Of course, if he is feeling especially talk-about-it-y, he will drive us up the wall. He will ask to read a book, and it will go like this:

Me: The Cat in the Hat, by Dr. Seuss.
Jack: Talk about the Cat?
Me: The sun did not shine, it was too wet to play. So we sat in that house--
Jack: Talk about Sally and that boy and the ball and tennis racquet and the rain?
Me: I AM talking about them, just listen Jack--
Jack: TALK ABOUT SALLY? Talk, talk about--
Me: So we sat in that house on that cold, cold wet day. I sat there with Sally--
Jack: Talk about Sally? Talk about the Cat in the Hat?

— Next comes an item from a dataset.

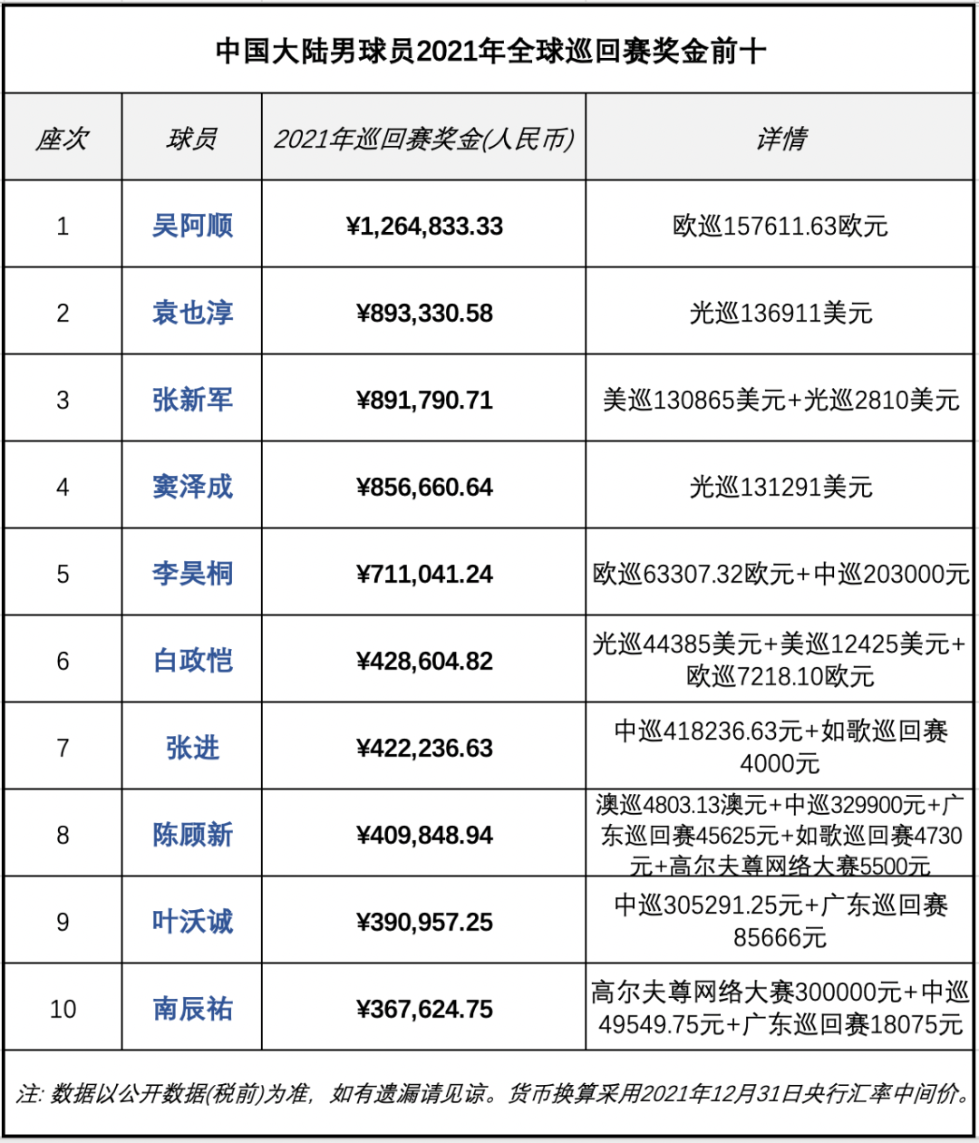 对于职业球员,世界排名积分固然宝贵,但毕竟不能当饭吃,最重要的,无疑是立命之本——奖金。如果我们盘点一下2021年,中国大陆男子球手各自累积的巡回赛奖金,又会得到如下的TOP10排名:主战场在欧巡赛的福建36岁老将吴阿顺,荣膺赛场吸金能力最强的“奖金王”!尽管2021年只有1场打进前十,他却依靠欧巡“常青树”的稳健发挥,成为唯一一位全年奖金超百万的中国大陆男球手。究其原因,主要有两点:1. 原先的中国一哥李昊桐,以及效力于美巡赛的张新军由于表现不佳,赛场吸金能力大幅缩水;2. 虽说袁也淳过去一年表现抢眼,其所在的光辉国际巡回赛场均70万美元的总奖金水平,比起站站百万欧元起跳的欧巡还是逊色不少,后者毕竟是全球仅次于美巡的一级巡回赛。袁也淳和吴阿顺过去一年分别晋级9场和10场,尽管前者奉上4场前十之作,世界排名也力压前辈,场均收入却只有9.9万元人民币,比起吴阿顺的场均12.6万元只能望尘莫及。

Me: Be patient! Listen to the story!
Jack: TALK ABOUT IT!!!
Me: *head explodes*
So either I ignore him and barrel on, or I stop reading the text and just comment on things in the pictures.

Next thing to master: cause and effect. Jack will say, "I'm sad because I cwied." He does not yet understand correlation vs causation, I guess. Also, if he is feeling sad but cannot actually articulate the reason why, either because he doesn't understand or it is too complicated, he will just say, "I'm sad because I lost my wallet." We have no idea where that came from.